### SOURCE DATA
****************************************
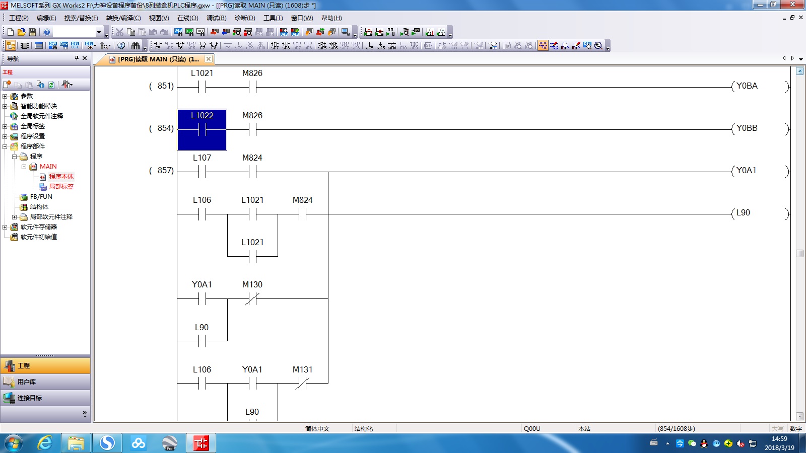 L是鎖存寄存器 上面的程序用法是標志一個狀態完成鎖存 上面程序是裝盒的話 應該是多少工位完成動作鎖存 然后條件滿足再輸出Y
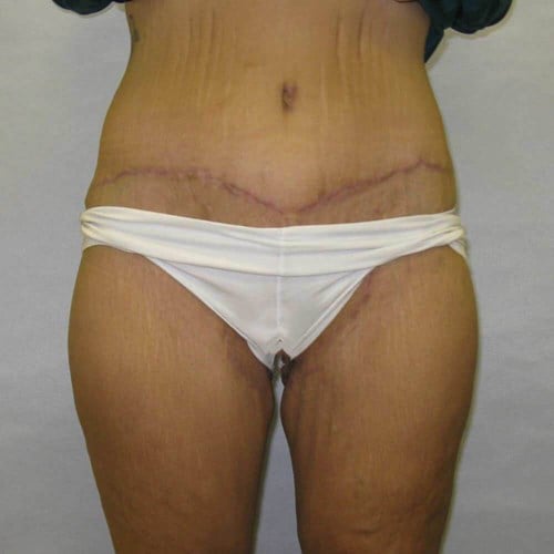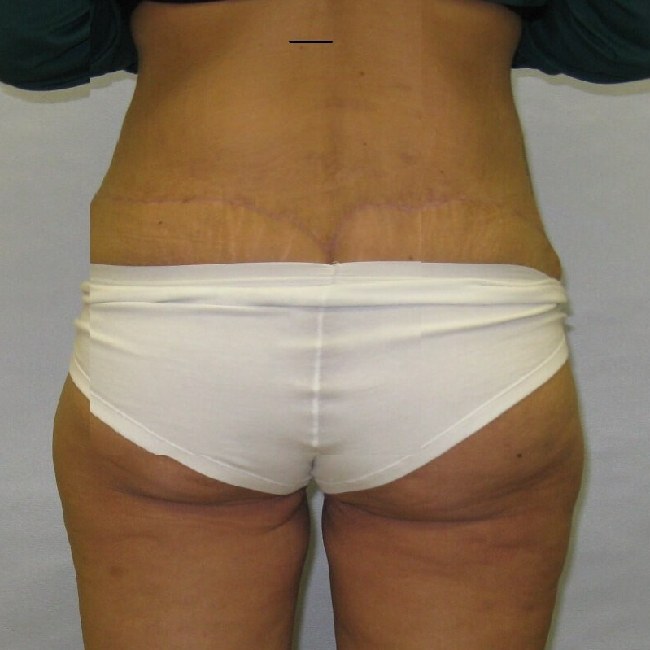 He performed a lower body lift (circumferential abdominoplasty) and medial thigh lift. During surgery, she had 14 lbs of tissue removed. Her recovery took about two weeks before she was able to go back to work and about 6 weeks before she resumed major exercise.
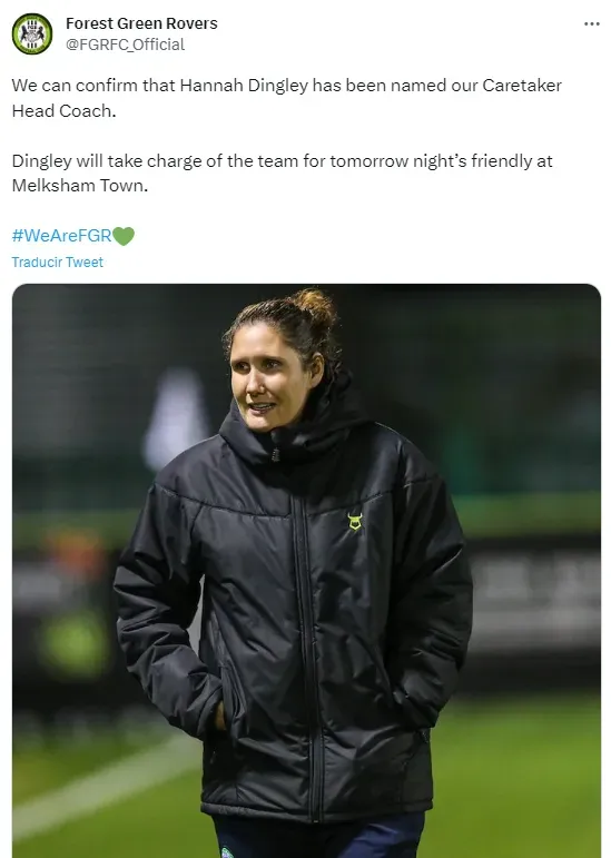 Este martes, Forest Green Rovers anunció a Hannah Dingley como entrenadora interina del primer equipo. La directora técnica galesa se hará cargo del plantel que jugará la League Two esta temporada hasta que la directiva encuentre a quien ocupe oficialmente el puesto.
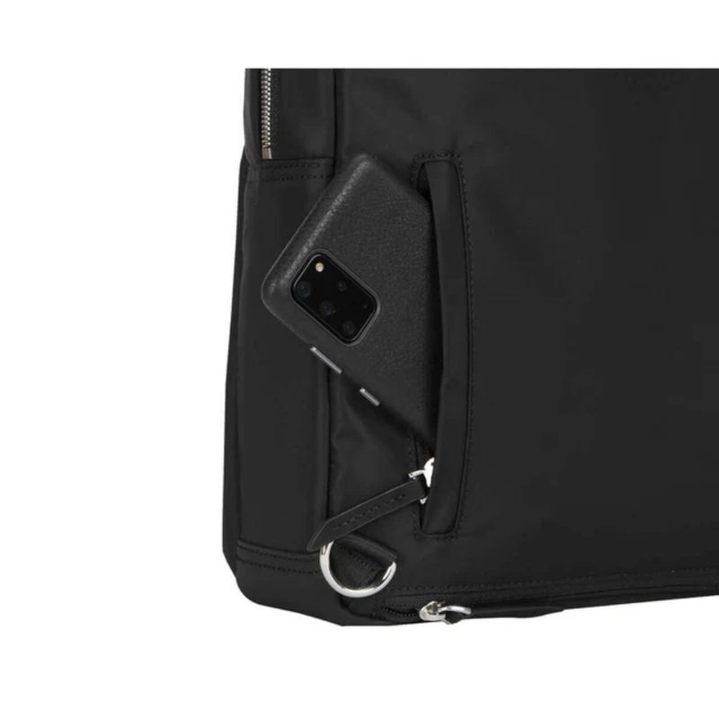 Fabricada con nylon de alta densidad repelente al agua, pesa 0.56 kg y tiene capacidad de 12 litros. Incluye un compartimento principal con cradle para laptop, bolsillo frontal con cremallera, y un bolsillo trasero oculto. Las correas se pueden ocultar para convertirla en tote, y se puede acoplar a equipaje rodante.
****************************************
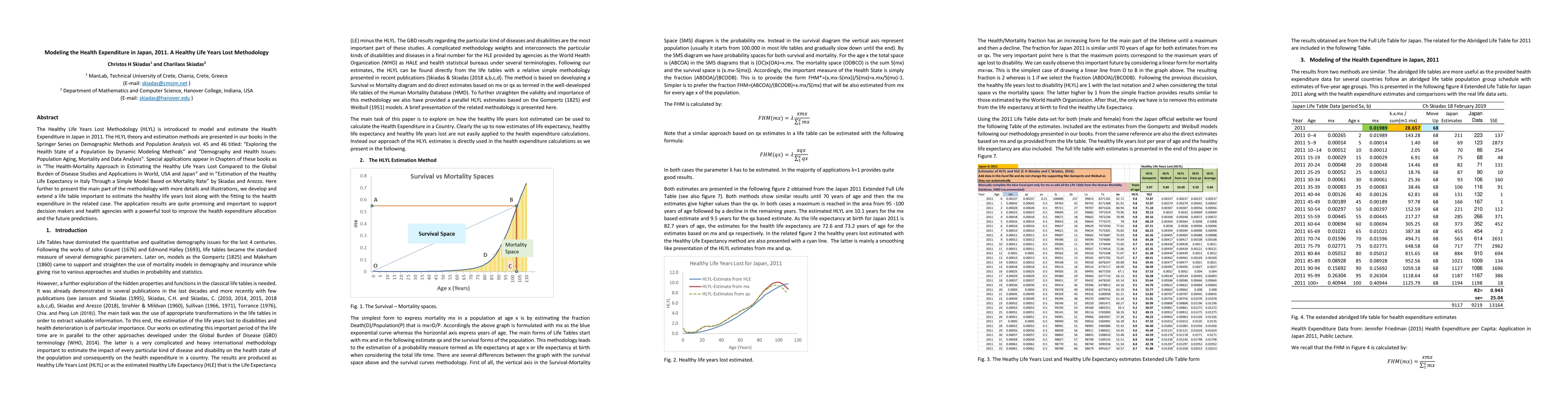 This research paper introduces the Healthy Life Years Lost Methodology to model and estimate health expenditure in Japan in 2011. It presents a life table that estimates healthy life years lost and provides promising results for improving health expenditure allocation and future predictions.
****************************************
### WHAT THE EXERCISE ASKS
Exactly the lines above from the one that contains "L是鎖存寄存器 上面的程序用法是標志一個狀態完成鎖存 上面程序是裝盒的話" down to the one that contains "He performed a" are to be output, both ends kept and pictures omitted.

### TASK ANSWER
 L是鎖存寄存器 上面的程序用法是標志一個狀態完成鎖存 上面程序是裝盒的話 應該是多少工位完成動作鎖存 然后條件滿足再輸出Y
 He performed a lower body lift (circumferential abdominoplasty) and medial thigh lift. During surgery, she had 14 lbs of tissue removed. Her recovery took about two weeks before she was able to go back to work and about 6 weeks before she resumed major exercise.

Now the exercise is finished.